What to work on: All lines from the one holding "ミラー/ミラー ミラー 丸の内)" to the end of the listing are to be output exactly, both ends included, with any pictures left out.

Dataset section:
▬▬▬▬▬▬▬▬▬▬
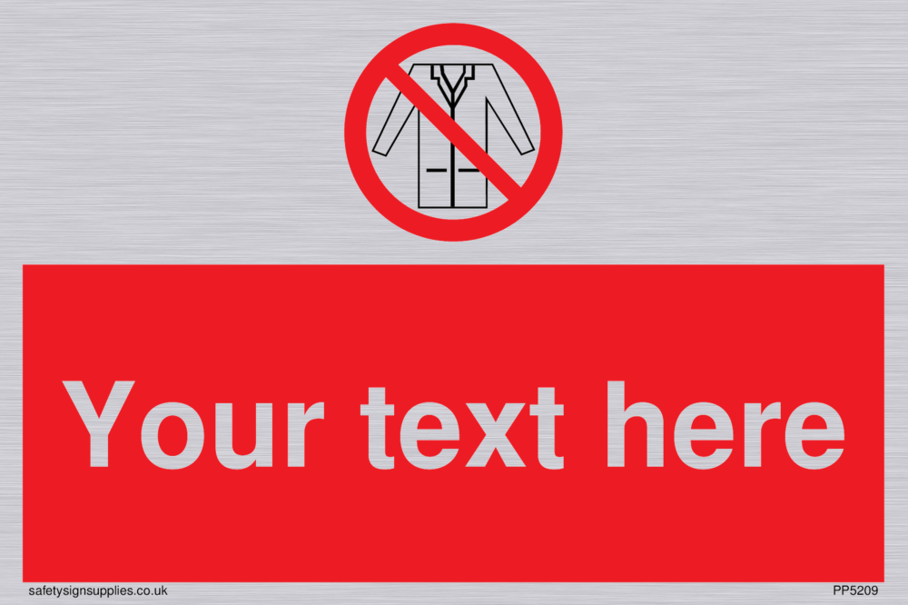 This sign contains a no lab coats symbol, lab coat outline with red prohibition circle with diagonal line crossed through.
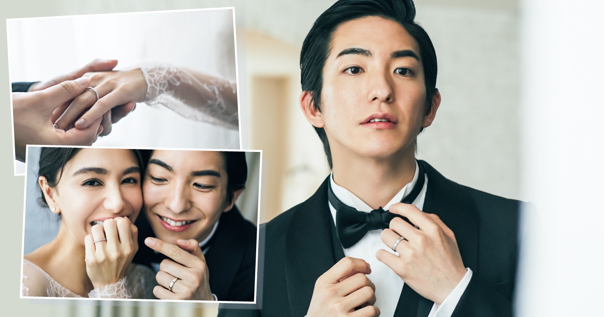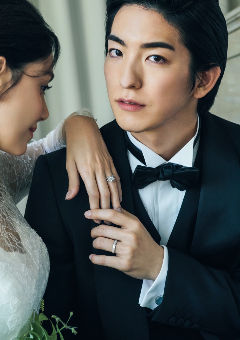 [Ana Clara]マリッジリング「マイクロパヴェ・バンドリング」〈Pt×D〉¥627,000~ ピアス「ラウンドカット・イヤスタッズ」〈Pt×D0.4ct〜〉¥1,661,000〜(ともにハリー・ウィンストン/ハリー・ウィンストン クライアントインフォメーション)ドレス ¥429,000※レンタル価格(イネス・ディ・サント/ミラー ミラー 丸の内)その他/スタイリスト私物[Gouki]リング「スリーストーン・バンドリング」〈Pt×D〉¥506,000~(ハリー・ウィンストン/ハリー・ウィンストン クライアントインフォメーション)タキシード ¥154,000※レンタル価格(ミラー ミラー/ミラー ミラー 丸の内)
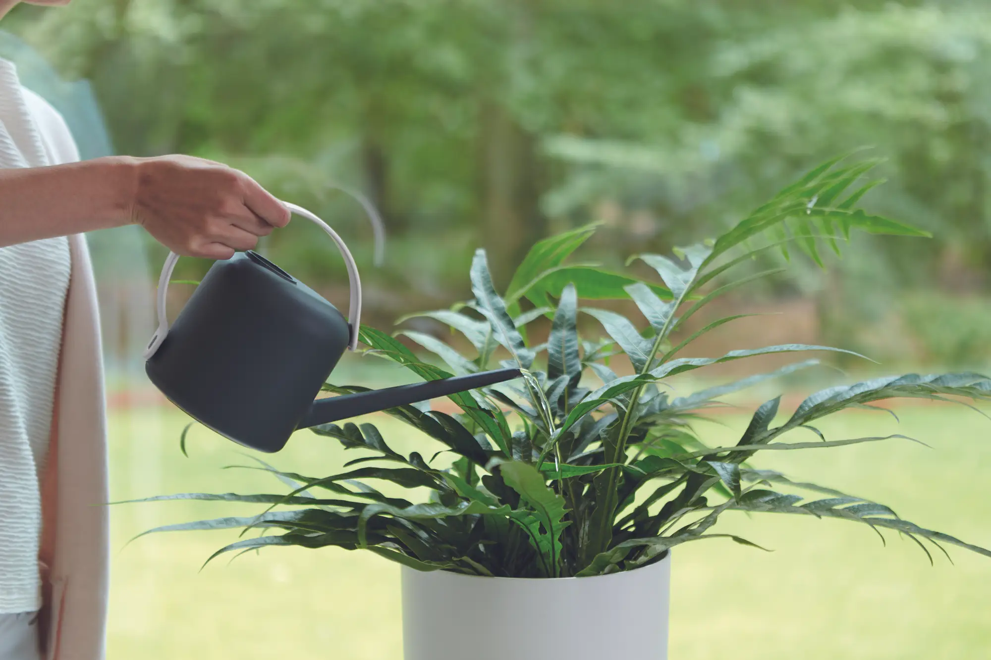 Deze stijlvolle gieter is bijna te mooi om in een kast te verdwijnen. Maar het ziet er niet alleen geweldig uit, het maakt ook indruk met zijn hoge functionaliteit. Het ronde handvat zorgt ervoor dat de gieter perfect in de hand ligt en optimaal kan worden geleid. De smalle tuit maakt een nauwkeurige dosering van het water mogelijk, zodat jouw planten altijd precies de juiste hoeveelheid water krijgen. Zo wordt water geven een plezier.
▬▬▬▬▬▬▬▬▬▬
Problem solution:
 [Ana Clara]マリッジリング「マイクロパヴェ・バンドリング」〈Pt×D〉¥627,000~ ピアス「ラウンドカット・イヤスタッズ」〈Pt×D0.4ct〜〉¥1,661,000〜(ともにハリー・ウィンストン/ハリー・ウィンストン クライアントインフォメーション)ドレス ¥429,000※レンタル価格(イネス・ディ・サント/ミラー ミラー 丸の内)その他/スタイリスト私物[Gouki]リング「スリーストーン・バンドリング」〈Pt×D〉¥506,000~(ハリー・ウィンストン/ハリー・ウィンストン クライアントインフォメーション)タキシード ¥154,000※レンタル価格(ミラー ミラー/ミラー ミラー 丸の内)
 Deze stijlvolle gieter is bijna te mooi om in een kast te verdwijnen. Maar het ziet er niet alleen geweldig uit, het maakt ook indruk met zijn hoge functionaliteit. Het ronde handvat zorgt ervoor dat de gieter perfect in de hand ligt en optimaal kan worden geleid. De smalle tuit maakt een nauwkeurige dosering van het water mogelijk, zodat jouw planten altijd precies de juiste hoeveelheid water krijgen. Zo wordt water geven een plezier.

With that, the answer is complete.